I'd hate to say it, but these kinds of decisions are opinion based. Although the context pattern is seen as an anti-pattern, it's apparent in mainstream frameworks such as Spring and the Android SDK. It boils down to the environment, as well as target audience.
The main downside that I can find is listed as the third listing under "downsides" in the Constant Interface wiki:
If binary code compatibility is required in future releases, the constants interface must remain forever an interface (it cannot be converted into a class), even though it has not been used as an interface in the conventional sense.
If you ever figure "Hey, this actually isn't a contract and I want to enforce stronger design", you will not be able to change it. But as I've said, it's up to you; maybe you won't care to change it in the future.

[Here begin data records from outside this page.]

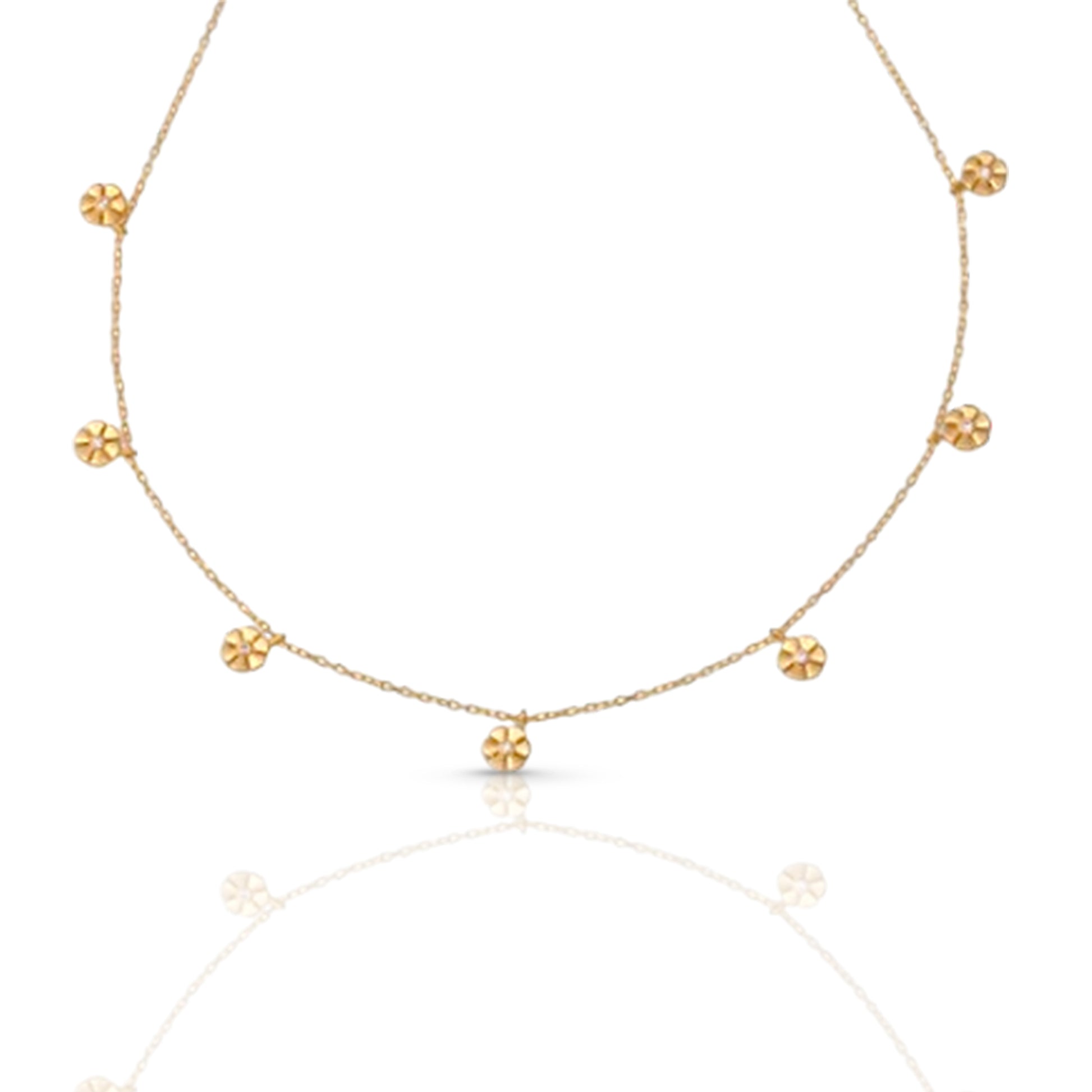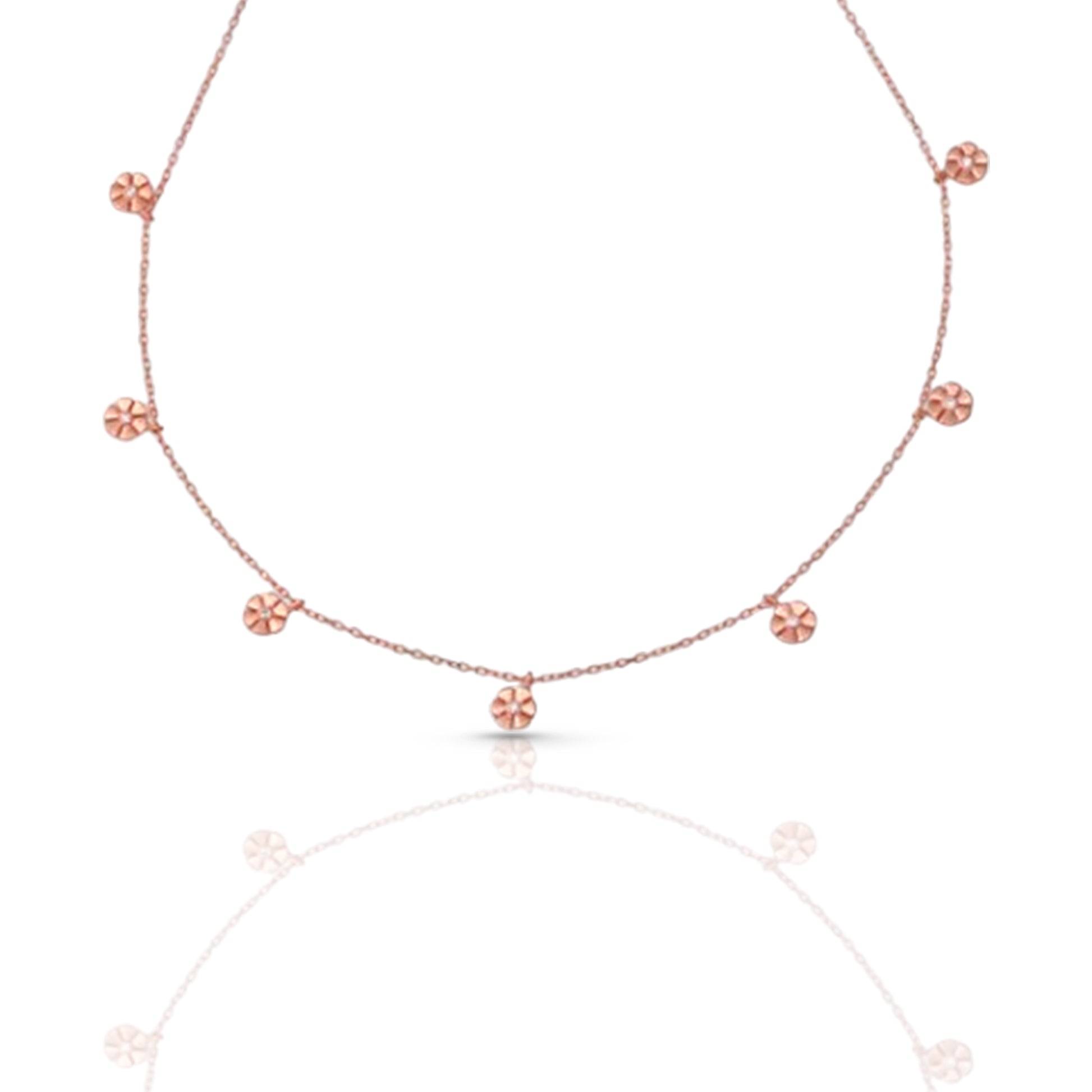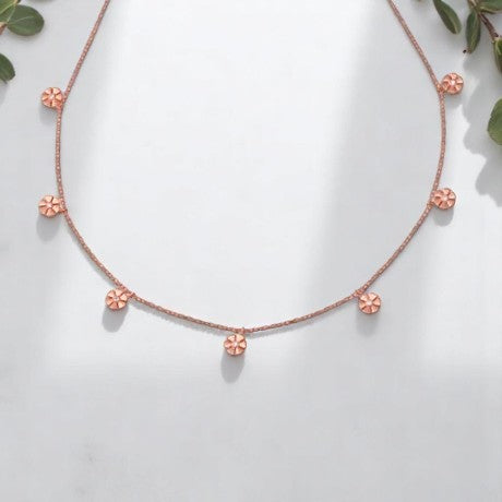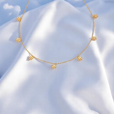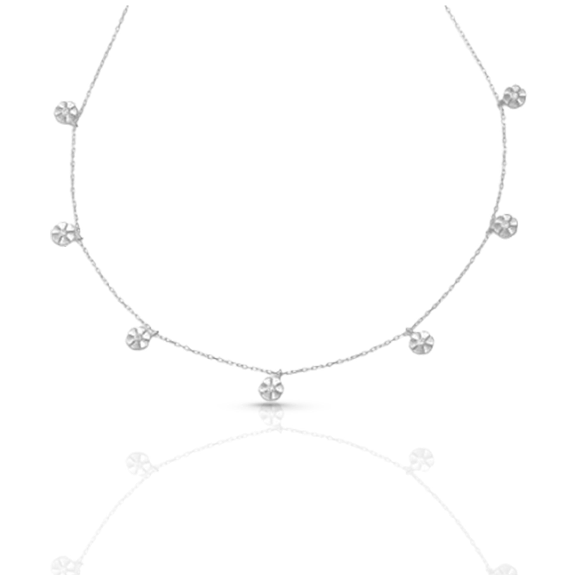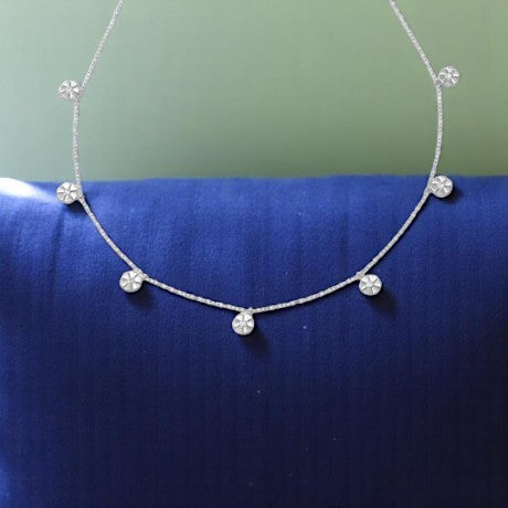 7 Flower chain necklace. The metal is sterling silver. The size is 16"+2" extension.
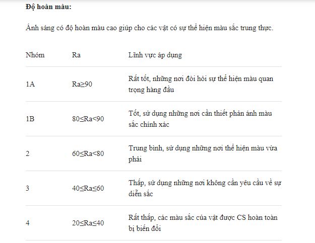 – Thông lượng – quang thông của đèn được cho trong thông số kỹ thuật của mỗi đèn
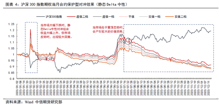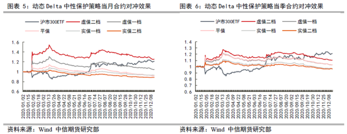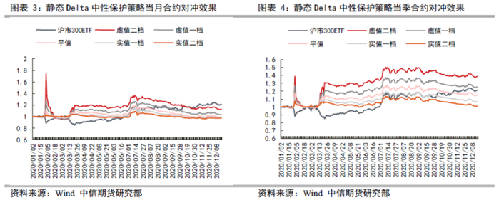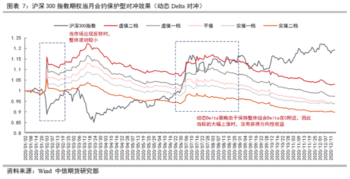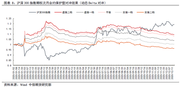 虚值合约对冲波动相较实值更大。从不同虚实值程度的合约对冲效果来看,由于虚值期权的Delta较小,因此若要使整个组合Delta为0,则在建仓时需要购买更多的期权合约。当市场大幅下跌时,虚值合约的组合的Delta值会更小(绝对值更大),因此整个组合的波动会更大。
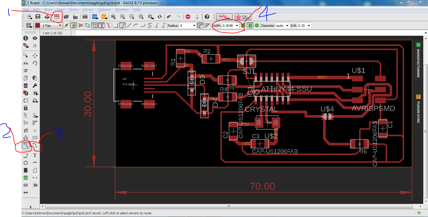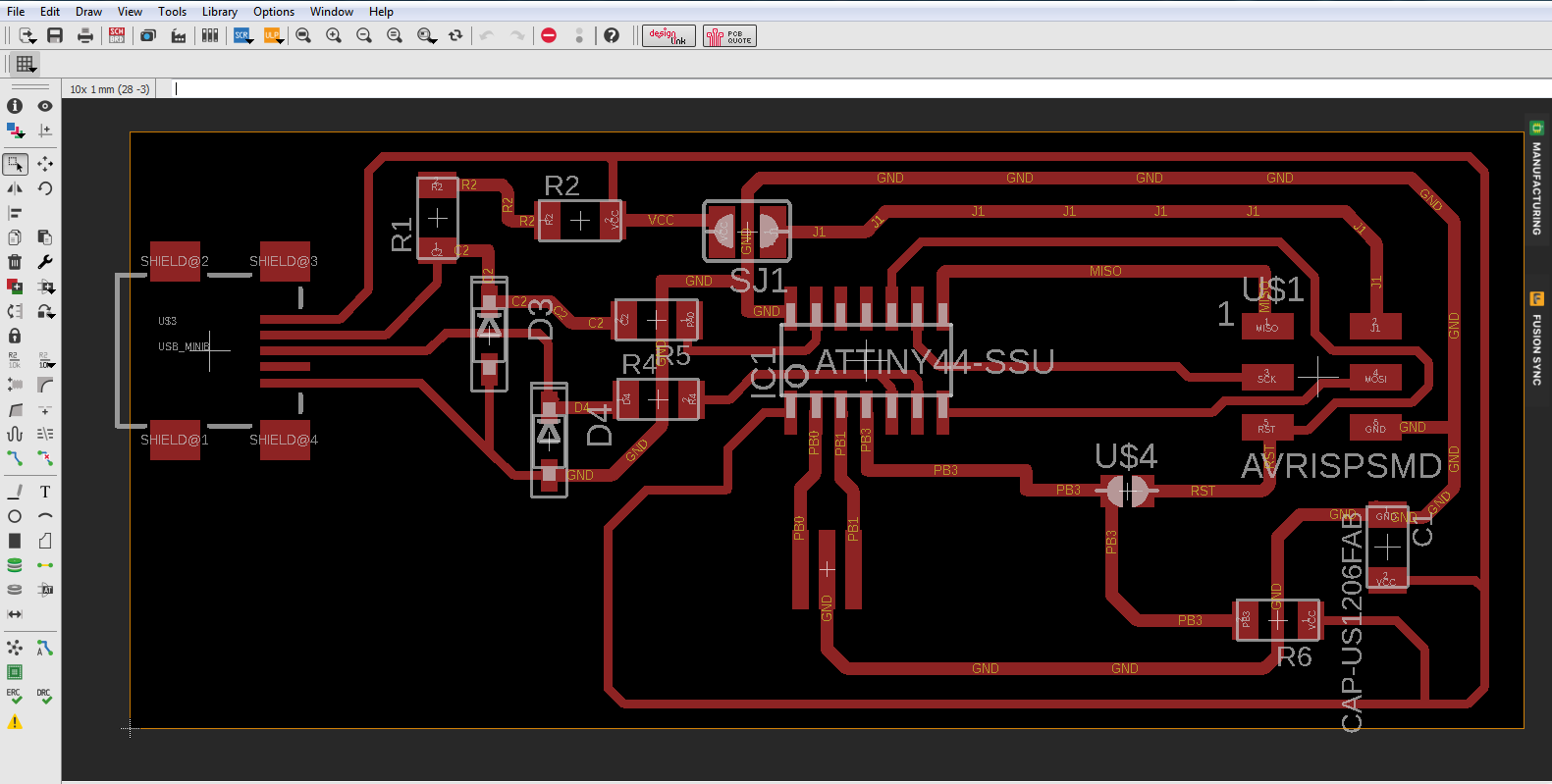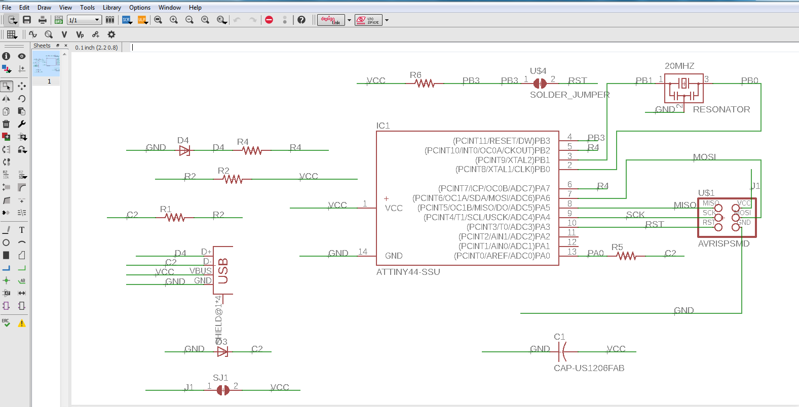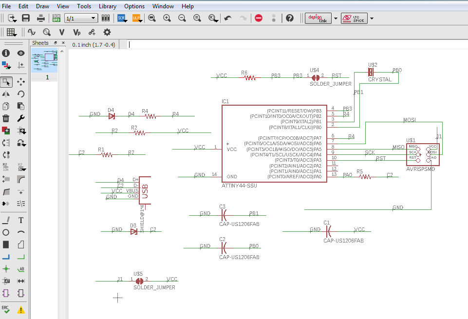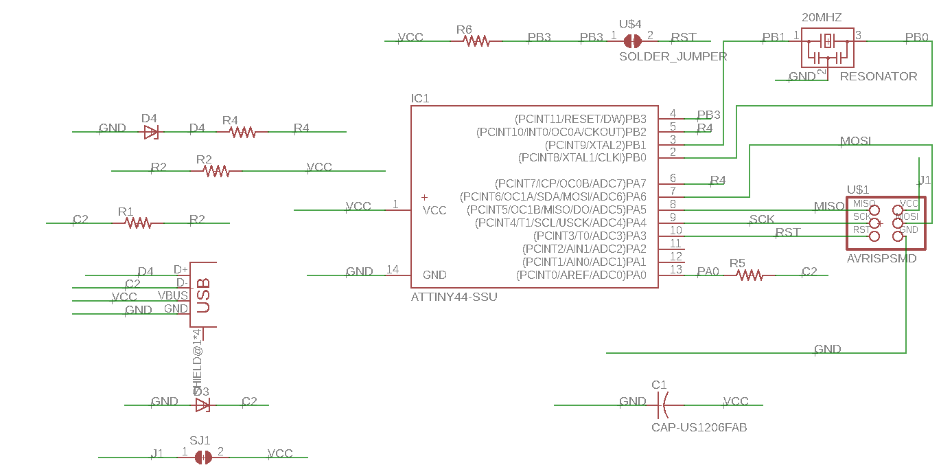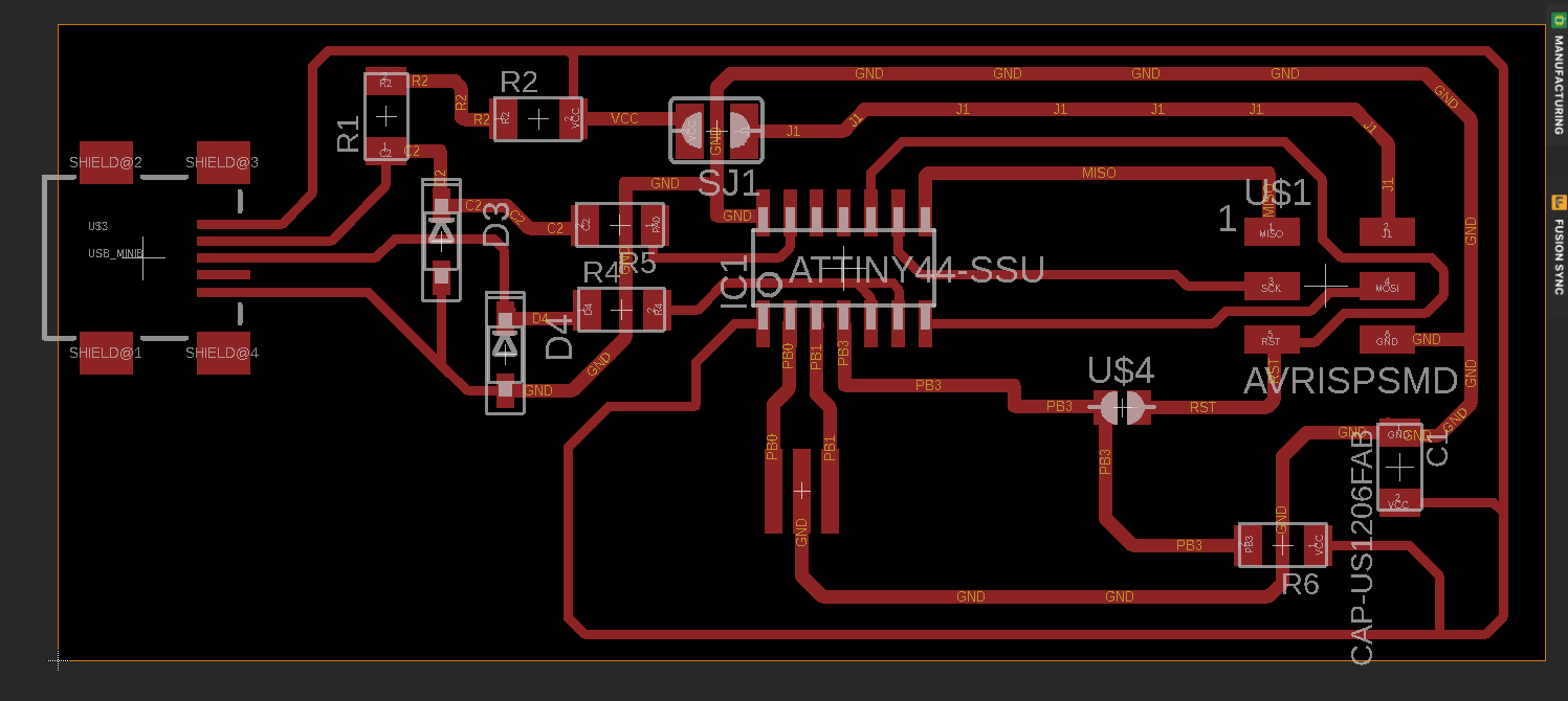I designed it using eagle as shown below. the components were imported from the fab library. I struggled with the connections at first and labelling them. For this I used ATtiny44.

On top of that, code clarity as mentioned by #TagirValeev. Interfaces have the intent of being implemented; if you don't want someone to implement the API you're supplying, don't make it implementable. But I believe this revolves around the "target audience" statement. Not gonna lie, I'm with you on the less-verbose foundation, but it depends on who my code is for; wouldn't wanna use a constant interface for code that may get reviewed.
You should not use interface.
Interfaces cannot have private constants and static initializers.
public class Utility {
private Utility() {}
public static final Map<String, Integer> MAP_CONSTANT;
static {
Map<String, Integer> map = new HashMap<>();
map.put("zero", 0);
map.put("one", 1);
map.put("three", 3);
MAP_CONSTANT = Collections.unmodifiableMap(map);
}
private static String PRIVATE_CONSTANT = "Hello, ";
public static String hello(String name) {
return PRIVATE_CONSTANT + name;
}
}
I think it would work. I think the variable SOME_CONSTANT defaults to being static final in your SomeUtilityInterface, even though you didn't explicitly say so. So, it would work as a Utility but wouldn't you have some mutability problems that you wouldn't have with a regular class with all member variables being required to be final? As long as thats not an issue with your particular implementation of the default methods, I can't think of a problem.